Your two letters came last night as I knew they would, and I thrilled and thrilled all over as I read them, — did you hear and feel my heart beating?

Word came from the tunnel the other day that there was a chance for me to work for two months, — one of the men was away on account of sickness and I could take his place. I didn’t dare to take it for only 2 months for fear of not having any job at all at the end of that time, and my vacation would be lost also. The engineer didn’t expect me to take it as I already had steady work but let me know of it as I was on the list. He said he would still keep me in mind. Mr. W. knows nothing about it and I shan’t tell him until I get ready to go. Neither have I said anything about vacation, but I am coming to Alton anyway — if I lose the job. Dearie, I have not made as many mistakes since I’ve been in the business as I have since you’ve been away. It is making me just about crazy — no joking. The mistakes do not count in my favor and it is useless to have much of a talk which such mistakes are going on. Oh dearie, dearie, come back come back now, come back for my sake — I feel so badly I don’t know anything — I love you dear. I am so crazy that I do things which work against me. If I could only put my head in your arms or your lap — nothing else will sooth me. I want nothing but you. — dearie you see how wild I’m getting in this letter, — don’t notice it, it is only a little spell — it comes when I get to thinking, or writing to you.

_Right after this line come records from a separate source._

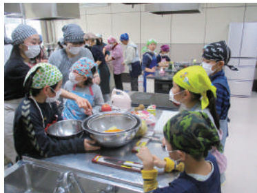
児童健全育成活動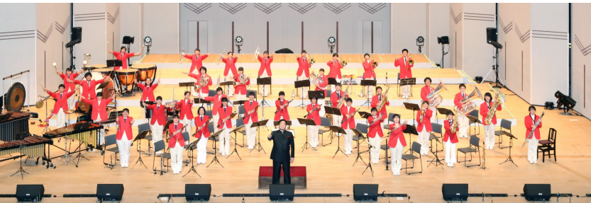
学校法人静岡理工科大学 星陵中学校・高等学校吹奏楽部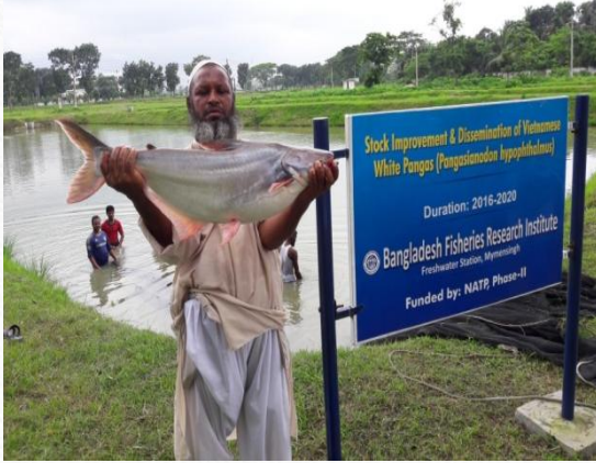
ভিয়েতনামিজ হোয়াইট পাঙ্গাস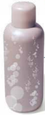
Bagnoschiuma per grandi e piccini RISCIACQUATO RESPONSABILMENTE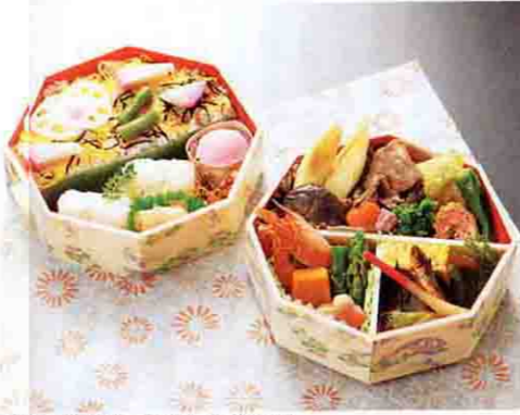
老舗調の料理を気軽に味わえる「速弁」。写真は、人形町今半(東名高速・港北PA)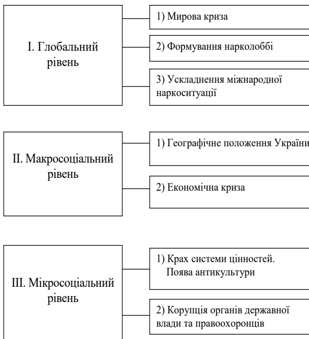
Рис. 1. Фактори впливу на процес поширення наркотичних засобів

до органів державної влади, ускладнення відносин між суспільством і особистістю та збільшення кількості правопорушень. Кризові явища ведуть до різкого збільшення числа стресових ситуацій, вихід з яких у більшості випадків люди бачать у вживанні наркотичних засобів, алкоголю, що дозволяє їм уникнути наявної реальності.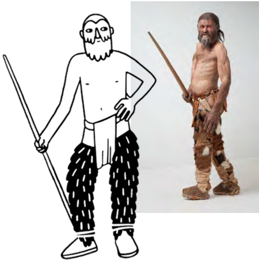
Reconstruction by Kernis © South Tyrol Museum of Archaeology, Augustin OchseneiterHR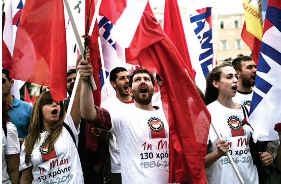
အလုပ်နေရာများနှင့် သက်သာချောင်ချိရေး ရန်ပုံငွေများ ဖြတ်တောက်ခံရသည့်အတွက် ဂရိအလုပ်သမားသမဂ္ဂမှ စုဝေးဆန္ဒပြစဉ်

ဂရိနိုင်ငံဟာ ရှေ့တန်းကနေပါဝင်ခဲ့ရပြန်ပါတယ်။ တစ်ဆင့်လျှောက် အီးယူအဖွဲ့ဝင်နိုင်ငံတွေက ဒုက္ခ သည် ပြဿနာမှာ ဂရိကို စိတ်ပျက်စေခဲ့ပါတယ်။ လွန်ခဲ့တဲ့ ၁၈ လအတွင်း ဂရိကမ်းခြေကို ရောက် လာတဲ့ ဒုက္ခသည်တစ်သန်းကျော်ရဲ့အရေးကို ဖြေရှင်းနိုင်ဖို့ ဂရိအစိုးရဟာ ရုန်းကန်မှုတွေအများ ကြီး လုပ်ခဲ့ရပါတယ်။ ဒါနဲ့ပတ်သက်ပြီးတော့လည်း ဂရိဟာ အီးယူကို အခဲမကျေပါဘူး။ ယခုလအတွင်း ပြူး သုတေသနစင်တာရဲ့ ဥရောပတစ်ခွင်လုံး စစ်တမ်းကောက်ယူချက်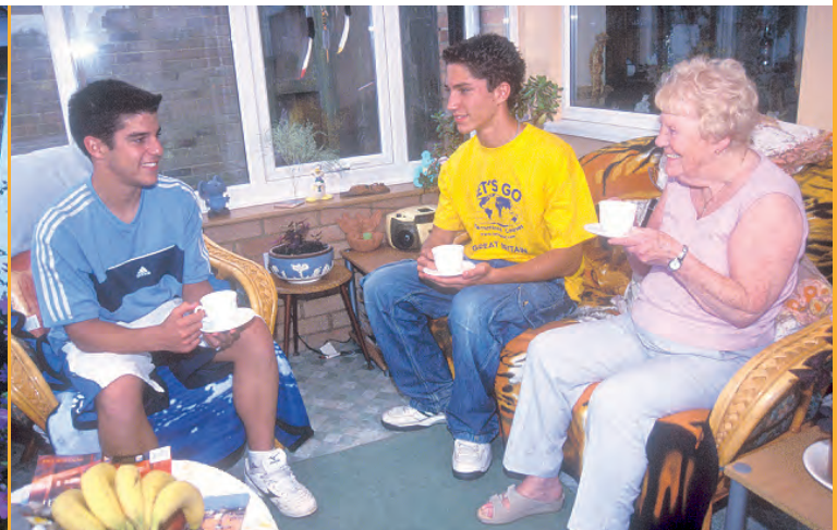
Estarás alojado en una familia británica anfitriona y conocerás personalmente la forma de vivir en Inglaterra.

I am not absolutely crazy yet so don’t be frightened, — I don’t want these letters to make you feel badly or to worry you. But I certainly feel terribly bad. It is a shame that you feel no better than you do — wait until I come. I love you dear I love you dear I love you dear I love you dear I want you to be my wife, dear. My “waterlily.” Some day all of these dreams will come true.

Before forgetting, Lloyd was more than delighted with the postal you sent and says “thank you.” Dearie will you please send me that letter (“hideous letter” as you called it) that you wrote and decided not to send? I want it and will not be satisfied until I see it. Please send it dearie, will you I want it. Oh I love you I am crazy foolish, brainless, I want you I want you I love you — come back to me and you shall never never never never never leave me again. Love to all — I love you dear, my “waterlily.”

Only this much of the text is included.